A very good friend and past life sister, her Craft name is Little Rabbit, had sent me some feathers and bones from a reclaimed turkey farm on the East Coast of the United States. "I was told to send these to you," she informed me. "You'll know what to do with them."
Preparing to teach class tonight, I was straightening up the office, putting things away rather than simply setting them aside, when I came across the feathers and bones. Little Rabbit had also sent me some loose feathers in a box and I figured it made sense to keep all of them together. The instant that I picked up the Ziploc bag containing the larger of the two bones, it was immediately clear that it did not like the idea of sitting in the box. Sometimes the shift in energy is pretty subtle, but this was very intense.

Ripening cherries hang from one of our cherry trees.
Thinking that it might like things better if I removed it from the plastic bag and let it rest loose among the feathers, only to once more be hit with the overwhelming sense of wrongness" regarding leaving the bone in the box. I suddenly saw a vision of a freshly dug hole in the ground lined with feathers. Knowing better than to question such things, I picked up the bags of feathers and bones and headed out for the yard, feeling myself directed toward one the old cherry trees that grow in our backyard.
The hole and the gardening tool that had been conveniently left in my path.

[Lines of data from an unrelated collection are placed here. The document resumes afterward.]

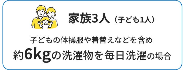 ※3人で約4.5Kg/日の洗濯(1人あたり約1.5kg/日が目安)
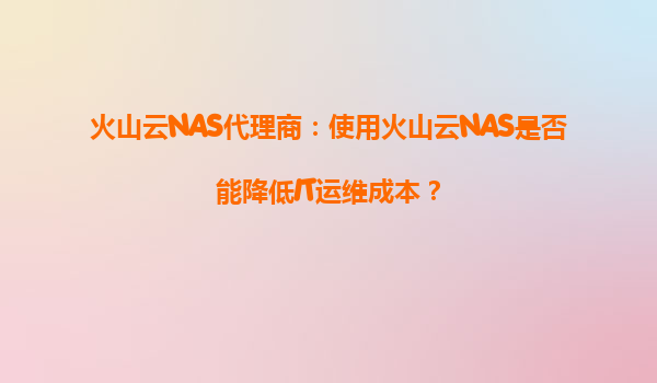 2025-09-16火山云NAS代理商:火山云NAS能為我的業務帶來哪些優勢? 一、火山云NAS的核心價值與企業需求匹配 火山云NAS作為火山引擎旗下的文件存儲服務,專門為企業提供高性能、高可靠的共享文件存儲解決方案。其...
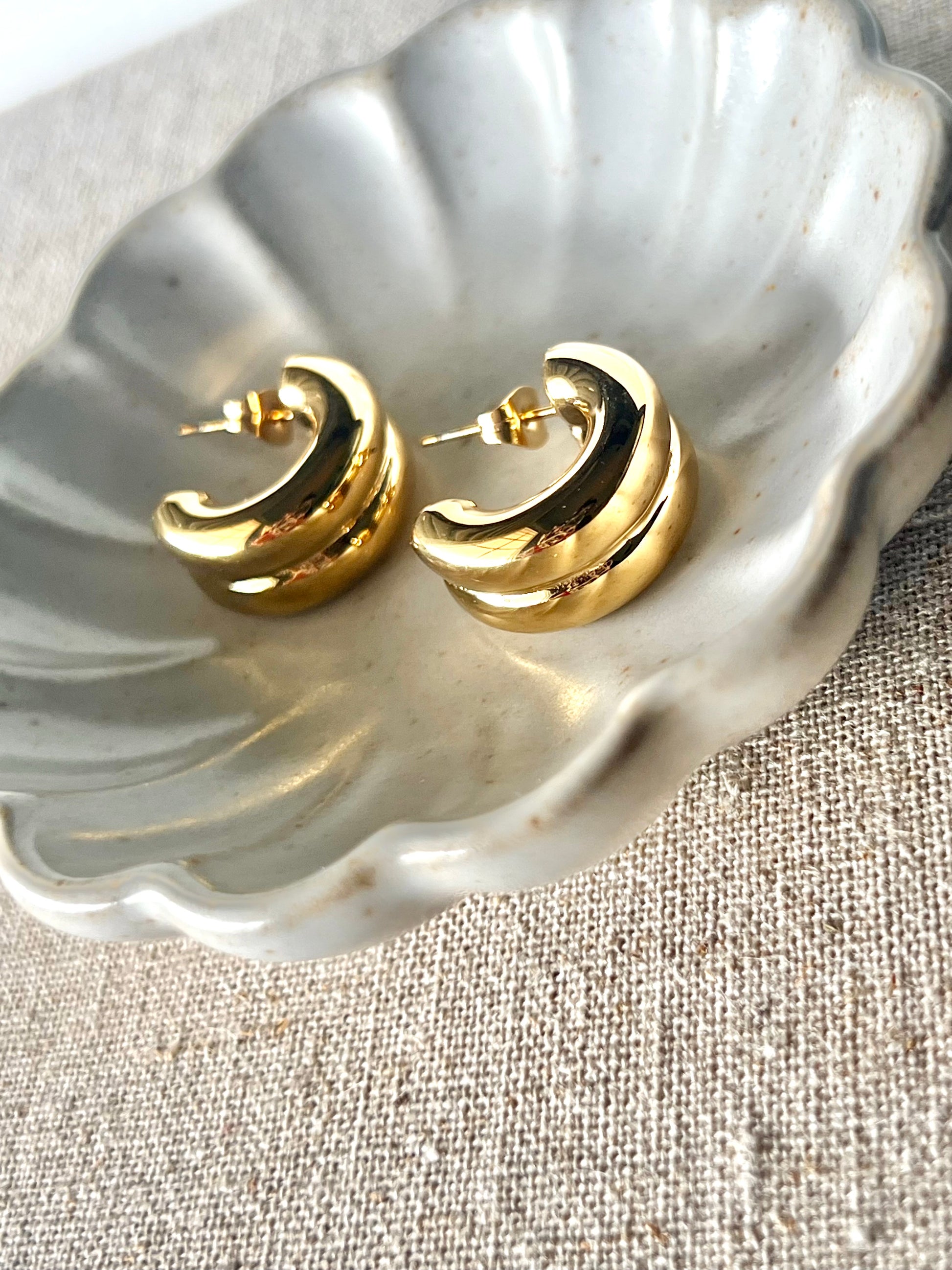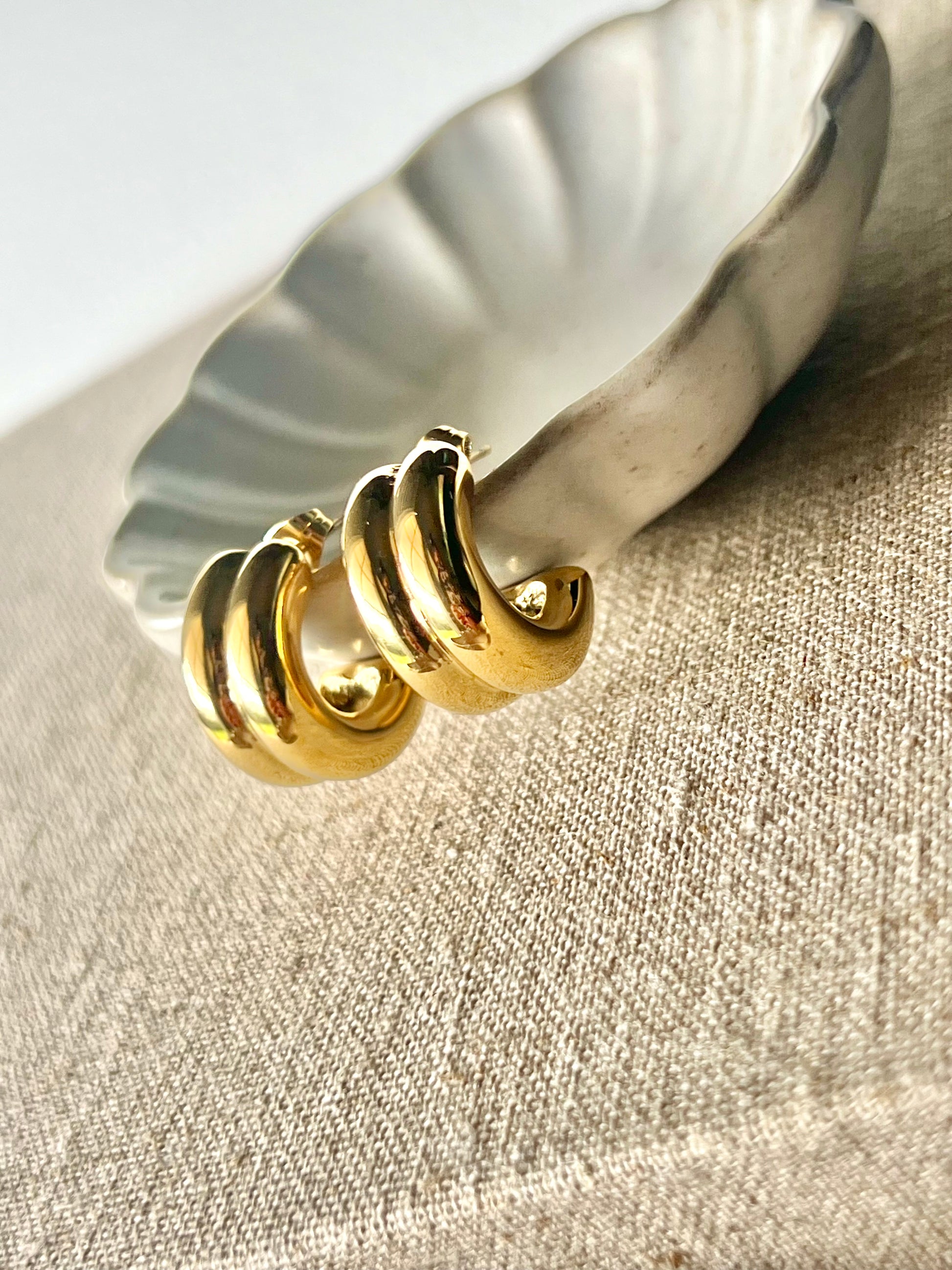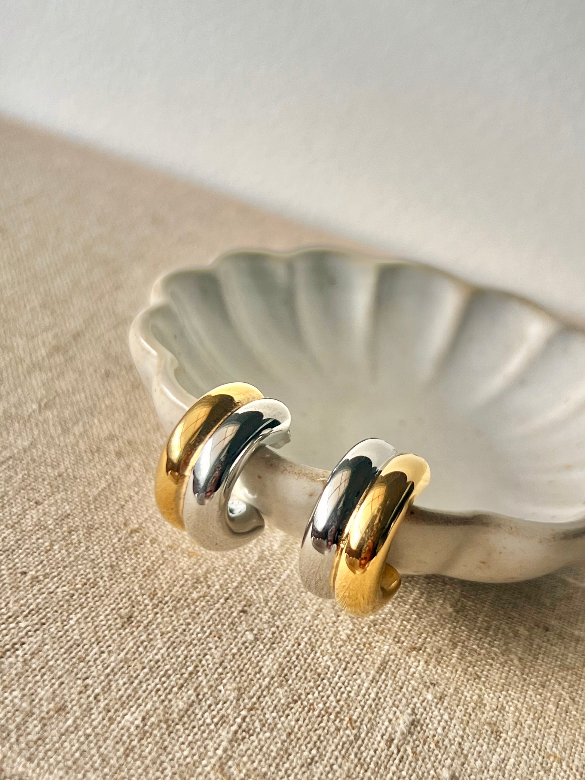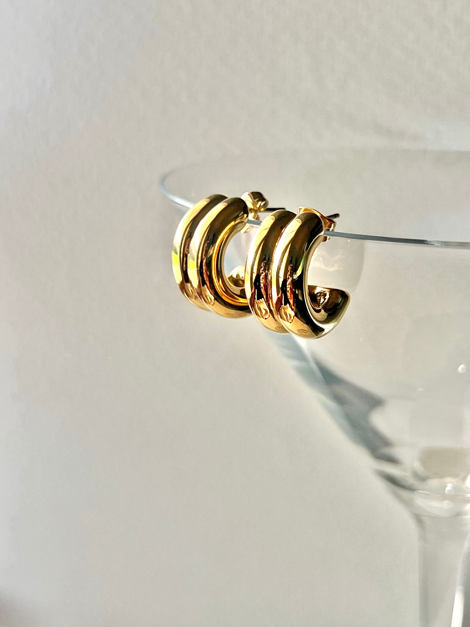 Gold and silver stainless steel stud earrings, tarnish-free, 0.71mm thick, 15mm wide, and 21mm high

When working with the fae, you have to let go of your boundaries and work almost exclusively on a symbolic level. You'll miss half of what they have to share with you if you don't. In the photo above, you'll notice a nice pile of loose, dry earth beneath the blade of the hand tool in the upper right corner of the photograph. All of the dirt came out in that fashion, loose and crumbling, with the exception of one large solid piece that you can see in the left of the picture.
The dirt face that emerged from the hole.
What isn't apparent (I'm having some challenges with close-up photography since I broke one of my camera lenses on our honeymoon) is that the outline that you can almost make out around the "eyes" and "nose" forming the "face" is actually raised and extends from the rest of the earth. And the "nose" is actually an almost perfectly round piece that extends above even that. Had I been able to photograph it from another angle (instead of standing on a chair to get far enough away to capture it with my remaining telephoto lens) is that the face is just as obvious from every angle. It's three dimensional.
An interesting and symbolic stick that simply appeared on its own.
The very interesting, dark shaped stick that mysteriously appeared in the hole after it was dug was the key to what I was supposed to be doing. Noting how you can imagine that it's a tower of connected pieces? Having worked with the fae on numerous occasions, I've learned to understand them to a certain extent (with more than my share of missteps along the way) and this was their way of saying that I needed to integrate the energy of the bones and feathers into the faerie energy of the Pacific Northwest (the bones came from approximately 3,000 miles away) rather than burying them in the earth and releasing their spirits into the afterlife.
Feathers and bones.
So I placed the bones and feathers in the hole, tying their energy together, the bones teaching the feathers to connect with the earth and the feathers enabling the bones to emerge into the air, and prepared to bury them. It was then that I was told that I needed to ritually sever the energy from it's original location, a continent away."
Finding scissors when you need them the most.
The scissors went into the hole and were followed by a walnut shell half, nearly identical in shape to a "fae mask" that I'm crafting that's sitting on my desk in my home office. The dirt "face" went in as well, each item blessed and thanked for its part in the rite and then the hole was covered with loose dirt and a feather from the box was left on top of the mound. (Leaving a feather behind is sort of a tradition of mine when I bury something - I did the same thing when I laid the fossilized dog bone to rest back on Summer Solstice 2005.
Half of a walnut shell.
Then it was back inside to do some more work and to prepare for tonight's offline class.